Split-Compute Pipeline
The architecture was selected because it enables open-vocabulary visual reasoning on hardware that cannot support a full VLM locally. The contract between onboard and edge is deliberately narrow: an image, a prompt, and a structured response.
Lightweight segmentation
A Raspberry Pi 4 produces frame-by-frame segmentation masks. Cheap to run, fast enough for reactive control, and it acts as the trigger that decides when richer reasoning is needed.
- · Raspberry Pi 4
- · Frame-rate segmentation
- · Mask + ROI extraction
Compressed transfer
Selected frames and regions of interest are streamed over the local network to the edge node. The split keeps bandwidth modest while preserving the visual context the VLM needs.
- · Local Wi-Fi link
- · ROI + full frame
- · Single-frame & dual-frame variants
VLM semantic reasoning
The VLM receives the image(s) plus a structured prompt and returns a JSON-shaped answer: scene description, obstacle classification, and navigation action · open-vocabulary, by construction.

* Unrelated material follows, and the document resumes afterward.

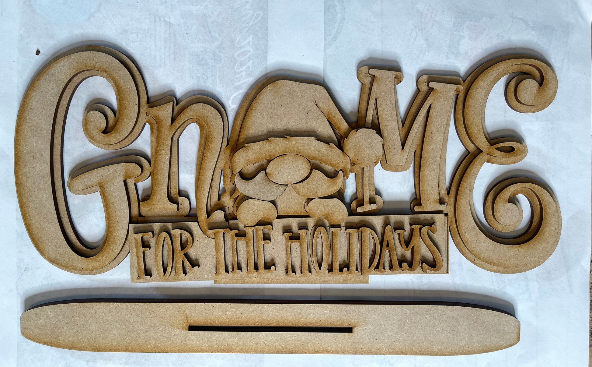 Gnome for the Holidays Word Stander unpainted wooden cutouts ready for you to paint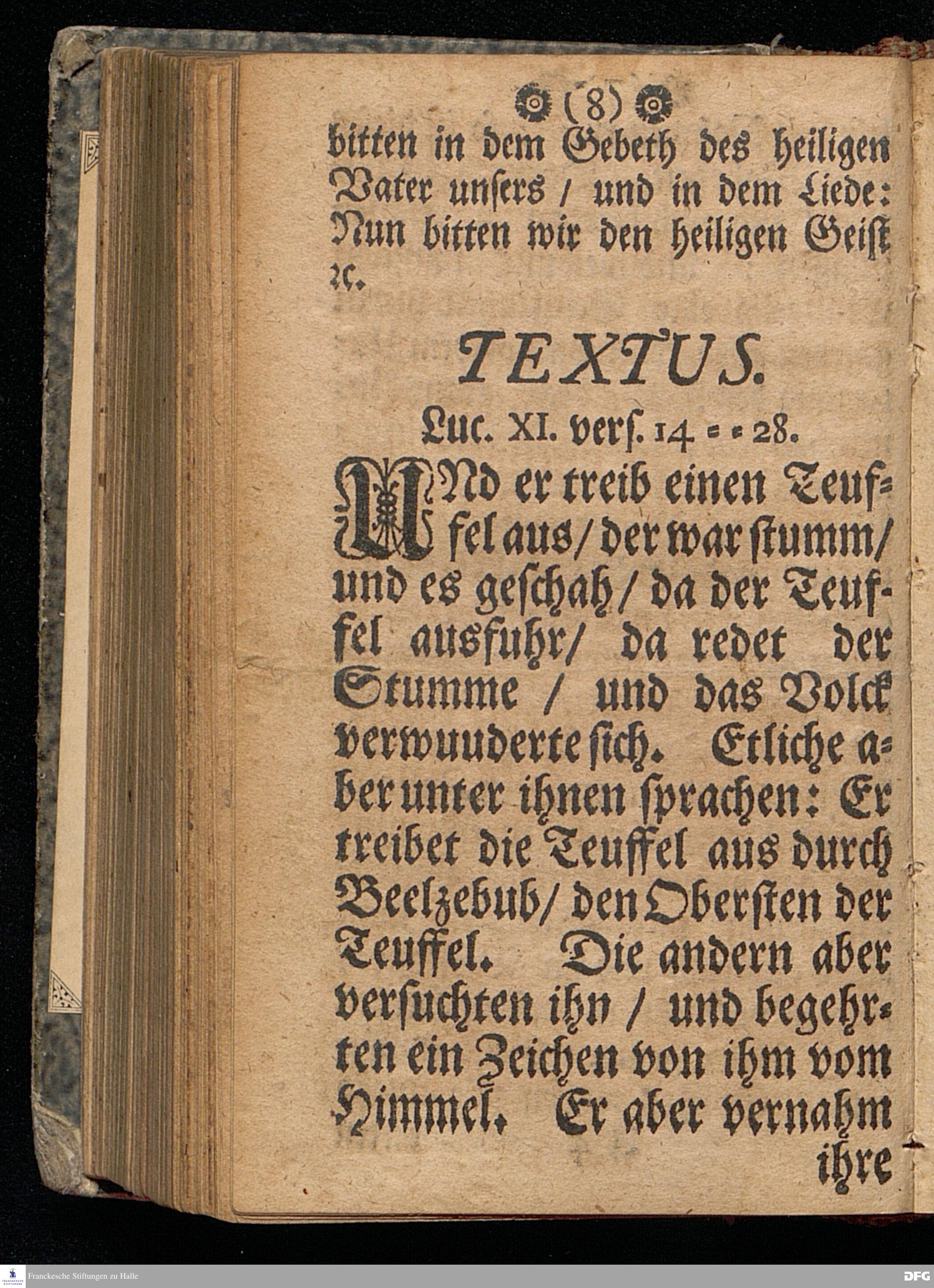 Der Untergang des Reichs des Satans in uns / als ein unbetrügliches Kennzeichen der wahren Bekehrung / Am Sonntag Oculi Anno 1699. In einer Predigt Uber das Evangelium Luc.XI, v.14--28. In der St.Georgen=Kirche zu Glaucha an Halle gehalten Und nunmehro zum andern mahl heraus gegeben von M.August Hermann Francken / S.S.Theol.P.Ord.& Past.Glauch. Halle / druckts Christ.Andreas Zeitler / Univ.Buchdr. 1702.

- · MacBook Pro M2 Pro node
- · Structured prompt
- · Natural-language output
The prompt contract
Each request asks the VLM to produce three fields, in order: a scene description, an obstacle classification (none / static / transient / activity), and a navigation action (CONTINUE / SLOW / STOP / REROUTE). The shape is fixed; the vocabulary is not.
{
"scene": "A small dog is running across the
mowing path from the left.",
"obstacle_class": "transient",
"reasoning": "Animal is moving and likely to
clear the path within seconds.",
"action": "STOP"
}Why split-compute, not local-only
Compute
Even small VLMs exceed what an onboard Pi can run at usable rates.
Open-vocabulary
Edge VLM reasons about objects and activities never seen at training time.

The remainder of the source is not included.